A lo largo de la historia siempre han existido crisis religiosas, como han existido personas y filosofías, escuelas y tendencias, con marcado acento perverso y antirreligioso declarando la muerte de Dios. No han faltado también seudo-científicos que declararon la destrucción del Reino de Dios, como no han faltado filósofos modernos, quienes en boca de Nietzsche remedaron y proclamaron a gritos el: “Dios ha muerto”. Grito vacuo e inerte que tuvo eco en ese crepúsculo negro de la Modernidad, inaugurando el reino de las tinieblas. Años más tarde, con alaridos de apestados prolongará también el existencialista J.P. Sartre en sus ideas filosóficas la muerte de Dios, queriendo penetrar, aunque precariamente, sobre la esencia del misterio, sin dejar los túneles tenebrosos del ciego enigma, queriendo aclarar la esencia y existencia.

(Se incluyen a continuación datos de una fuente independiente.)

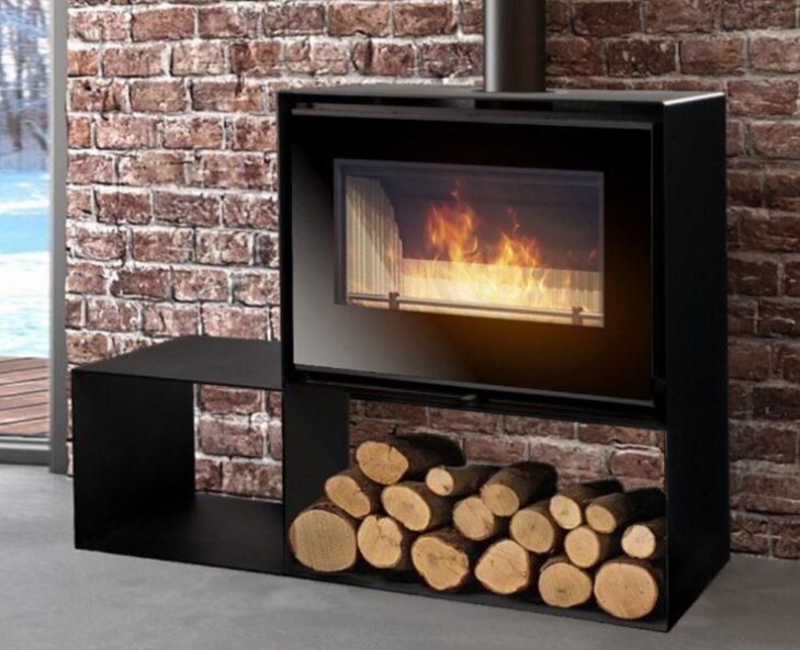 Salamandra a Lenha Free Air – Potência de 7,8 kW, ventilação regulável e lenheiro versátil (esquerda ou direita). Eficiência de 80,7%, design robusto em aço e vidro Neocerâmico resistente a altas temperaturas.
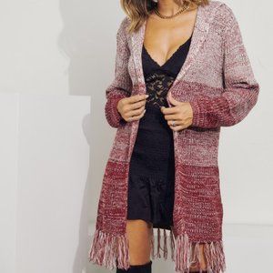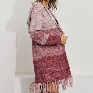 The Barbara Fringe Sweater features a longline silhouette, fringe hem, hooded sweater and Wine & ivory ombré colorblock.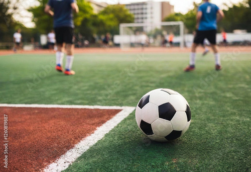 Fototapeta premium A point-of-view shot of a street soccer game with players of different ages...

También el mundo del arte se ha dejado seducir, incluso en parte se alimenta de estas filosofías como focos de identidad personal y cósmica, que son pura ilusión dañina y gravosa, reflejo de la ausencia de la belleza de Dios, donde se rompe y extorsiona el símbolo de comunión entre la comunidad humana y el trascendente divino, dando lugar a la desunión, el desgarro, la perturbación, el vacío y el sinsentido, ya que desaparece la belleza del misterio que nos iza a Dios. Ahora, estamos como suspendidos del vacío y sin ideas. Nos quema el fuego del Nirvana. Hemos entrado en el apagón de la luz y estamos huérfanos de belleza. Queriendo ser como dioses, hemos caído en la supina ignorancia y en la estulta sabiduría.
Como resultado, el Dios de la Belleza artística ha desaparecido y la crisis de belleza se hace cada vez más agravante, no parece sino que hemos entrado en el reino del mal. De pronto, ese mal se ha revelado y se ha encarnado en el verbo del arte vacío, bien adornado de cortinas de humo para esconder el falso Nirvana que hay en su mundo, cuyo fin es alejarnos de esa infinita belleza que manifiesta la luz y la esperanza que nos viene de lo alto.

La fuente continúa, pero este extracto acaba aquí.